Data items
***

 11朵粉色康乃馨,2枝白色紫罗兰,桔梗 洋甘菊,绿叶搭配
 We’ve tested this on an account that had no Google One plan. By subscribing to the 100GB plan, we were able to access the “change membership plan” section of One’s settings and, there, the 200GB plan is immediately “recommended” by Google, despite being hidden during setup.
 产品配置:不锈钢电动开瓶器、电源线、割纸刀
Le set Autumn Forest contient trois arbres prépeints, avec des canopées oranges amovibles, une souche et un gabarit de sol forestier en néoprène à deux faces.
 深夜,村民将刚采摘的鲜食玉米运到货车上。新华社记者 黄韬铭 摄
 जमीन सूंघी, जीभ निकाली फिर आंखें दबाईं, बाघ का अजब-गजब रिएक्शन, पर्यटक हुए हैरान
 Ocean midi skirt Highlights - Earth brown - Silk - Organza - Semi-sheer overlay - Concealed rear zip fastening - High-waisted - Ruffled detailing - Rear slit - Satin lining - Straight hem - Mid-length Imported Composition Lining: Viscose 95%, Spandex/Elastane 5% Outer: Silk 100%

***

** What to produce **
Reproduce every record that appears above, keeping the wording exact.

** Your solution **
 11朵粉色康乃馨,2枝白色紫罗兰,桔梗 洋甘菊,绿叶搭配
 We’ve tested this on an account that had no Google One plan. By subscribing to the 100GB plan, we were able to access the “change membership plan” section of One’s settings and, there, the 200GB plan is immediately “recommended” by Google, despite being hidden during setup.
 产品配置:不锈钢电动开瓶器、电源线、割纸刀
Le set Autumn Forest contient trois arbres prépeints, avec des canopées oranges amovibles, une souche et un gabarit de sol forestier en néoprène à deux faces.
 深夜,村民将刚采摘的鲜食玉米运到货车上。新华社记者 黄韬铭 摄
 जमीन सूंघी, जीभ निकाली फिर आंखें दबाईं, बाघ का अजब-गजब रिएक्शन, पर्यटक हुए हैरान
 Ocean midi skirt Highlights - Earth brown - Silk - Organza - Semi-sheer overlay - Concealed rear zip fastening - High-waisted - Ruffled detailing - Rear slit - Satin lining - Straight hem - Mid-length Imported Composition Lining: Viscose 95%, Spandex/Elastane 5% Outer: Silk 100%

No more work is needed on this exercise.